We used the ROC analysis and Youden index to derive the optimal cutoff value for the ELF score in its diagnostic ability to discriminate between cases and controls. Multivariable logistic regression models were used to compute the odds ratio (OR) for the association between a higher ELF score and HCC risk.
Among the 60 cases, the mean (SD) time interval from blood draw to the time of cancer diagnosis was 3.1 (2.3) years, the mean age at diagnosis was 68.3 (7.4) years, and, among cases, 44 (73.8%) were men. Positivity for Hepatitis B serology was present in 34 cases (56.7%) and 8 (13.3%) controls, whereas only 1 in each group was positive for Hepatitis C serology.
The mean and median (interquartile range) values for HA concentrations were 229.7 ng/mL and 228.1 ng/mL (110.3–504.2) in cases and 75.1 ng/mL and 70.7 ng/mL (38.0–115.2) in controls, respectively. The corresponding values for TIMP-1 concentrations were 325.0 ng/mL and 303.9 ng/mL (260.0–358.8) in cases and 240.8 ng/mL and 244.6 ng/mL (223.2–267.4) in controls and those for PIIINP concentrations were 13.1 ng/mL and 11.3 ng/mL (8.1–16.4) in cases and 6.8 ng/mL and 6.9 ng/mL (5.3–8.7) in controls. All P values for differences between cases and controls were <0.001. An ELF cutoff score of 9.89 had the highest predictive value for incident HCC with a sensitivity of 85.3% and specificity of 79.5%, and the area under the ROC curve (AUC) for a model that included the matching factors (age, sex, dialect group) and ELF score was 0.89 (0.83–0.94; P < 0.001; model 3). In a clinical model that included age, sex, dialect group, body mass index (BMI), alcohol consumption, and history of diabetes, AUC was 0.68 (95% CI, 0.58–0.78; model 1) and adding information on viral hepatitis serology improved AUC to 0.82 (0.75–0.89; model 2; P < 0.001). Finally, inclusion of ELF score further improved the AUC to 0.93 (0.89–0.97; Model 4; P < 0.001; Fig. 1). In all subjects, after adjusting for age, sex, BMI, smoking status, alcohol, coffee drinking, and diabetes, an ELF score of ≥9.89 increased the risk by about 24-fold (OR, 24.54; 95% CI, 4.62–130.26]. This risk estimate was much higher in those negative for viral hepatitis serology (OR, 54.37; 95% CI, 6.98–423.49) than in those who were positive (OR, 4.22; 95% CI, 0.66–26.86).

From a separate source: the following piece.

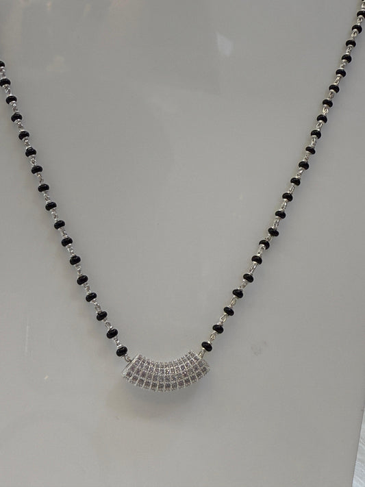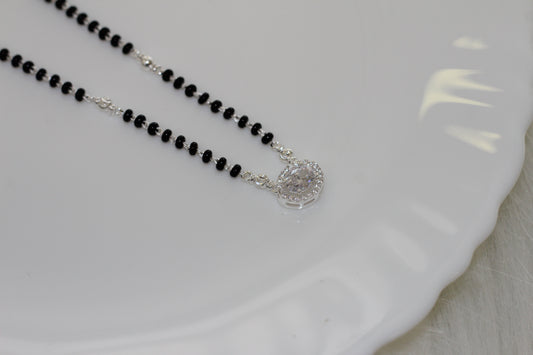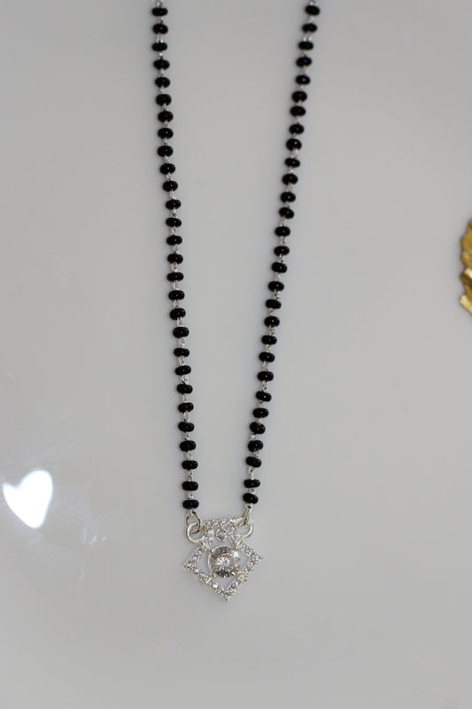 Elegant Silver-Plated Mangalsutra with CZ Stone Pendant

Fig. 1. ROC curves comparing different models in predicting risk of HCC in 120 participants (60 case-control pairs).
Model 1 is a clinical model that incorporated matching factors (age, sex, and dialect group) plus BMI, alcohol, and diabetes. Model 2 included variables in model 1 plus viral hepatitis serology status (positivity for either HBV or HCV). Model 3 included ELF score (continuous) and matching factors. Model 4 included variables in model 2 plus ELF score (continuous).
Although limited by lack of comparators of liver fibrosis such as fibroscan, platelet counts, or other blood fibrosis markers, this study has demonstrated the potential utility of the ELF score as a predictor of HCC in the general population with high diagnostic sensitivity, specificity, and accuracy. It was more robust in predicting nonviral related HCC and, thus, has implications for identifying at-risk patients with NAFLD in the community for targeted surveillance.
Research Funding
J.-M. Yuan, NIH Grant# R01CA144034, NIH Grant # UM1CA182876.

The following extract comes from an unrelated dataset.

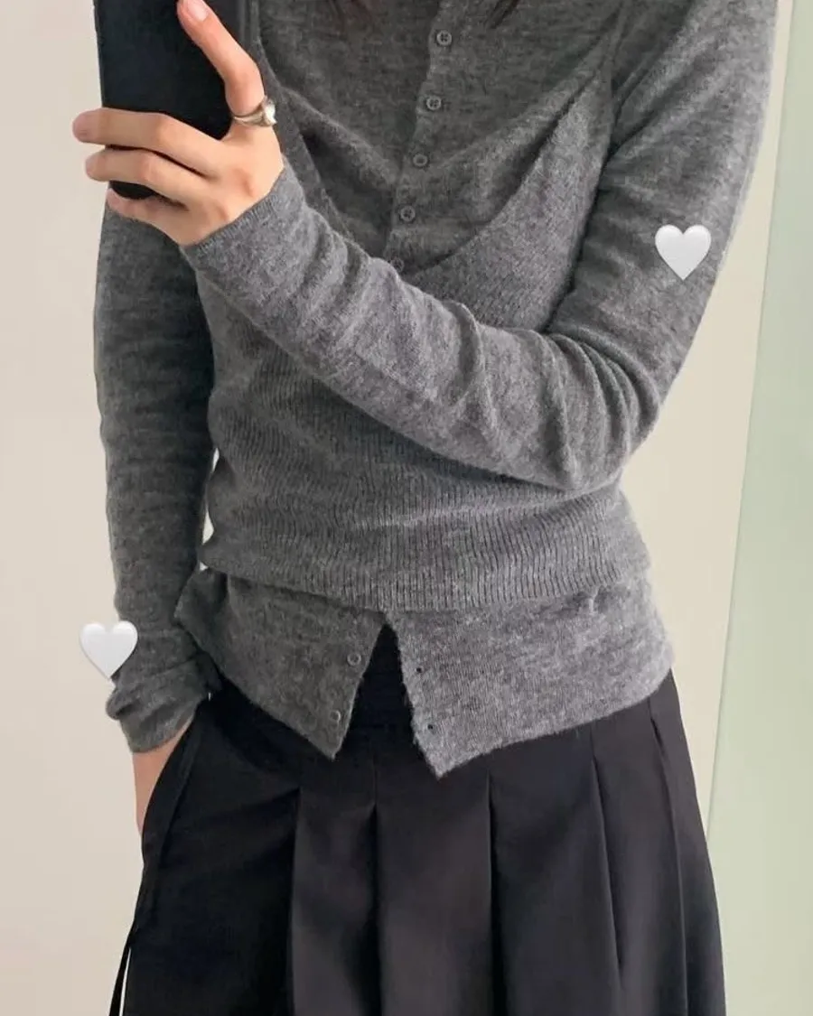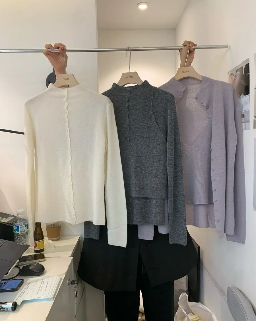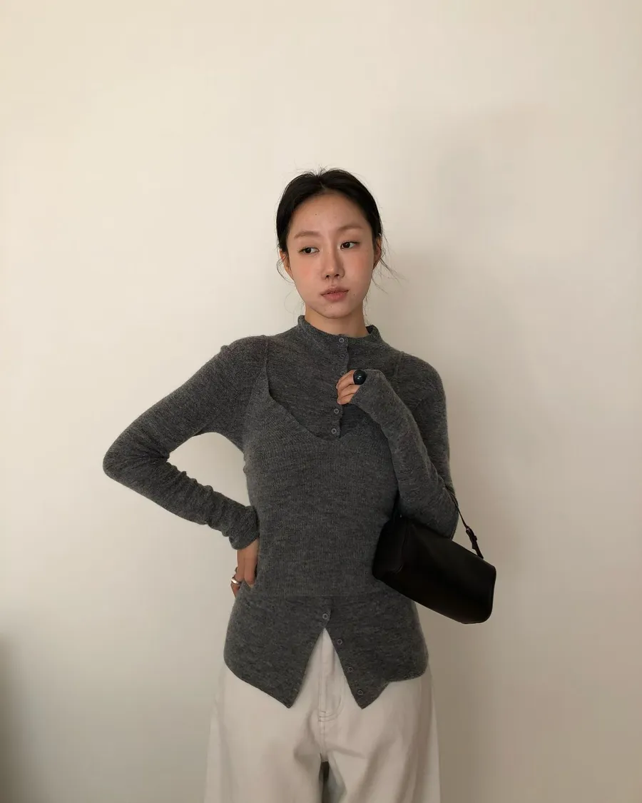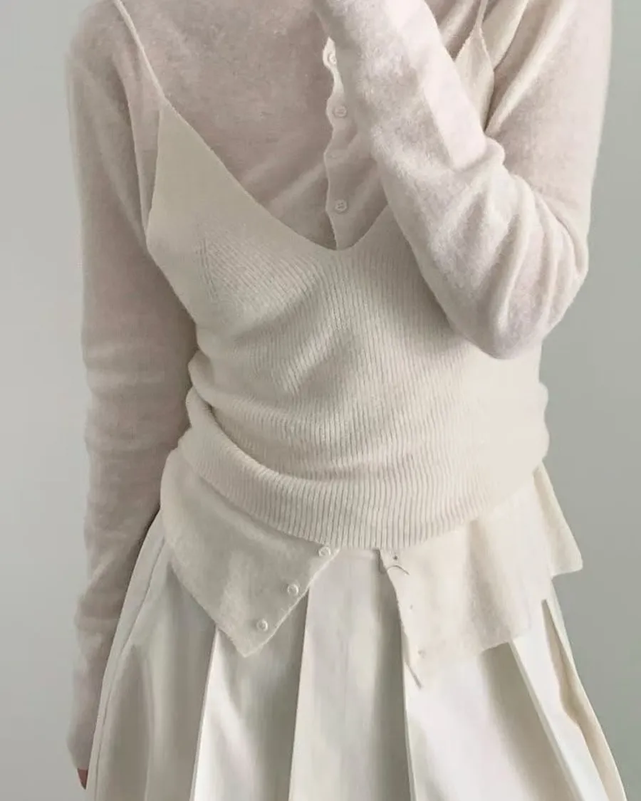 軟萌氣質小姊姊必備排扣針織背心set

Y. Wang, statistical analysis; J.-M. Yuan, financial support, administrative support, provision of study material or patients.
Footnotes
Authors’ Disclosures or Potential Conflicts of Interest: Upon manuscript submission, all authors completed the author disclosure form. Disclosures and/or potential conflicts of interest:
Employment or Leadership: None declared.
Consultant or Advisory Role: None declared.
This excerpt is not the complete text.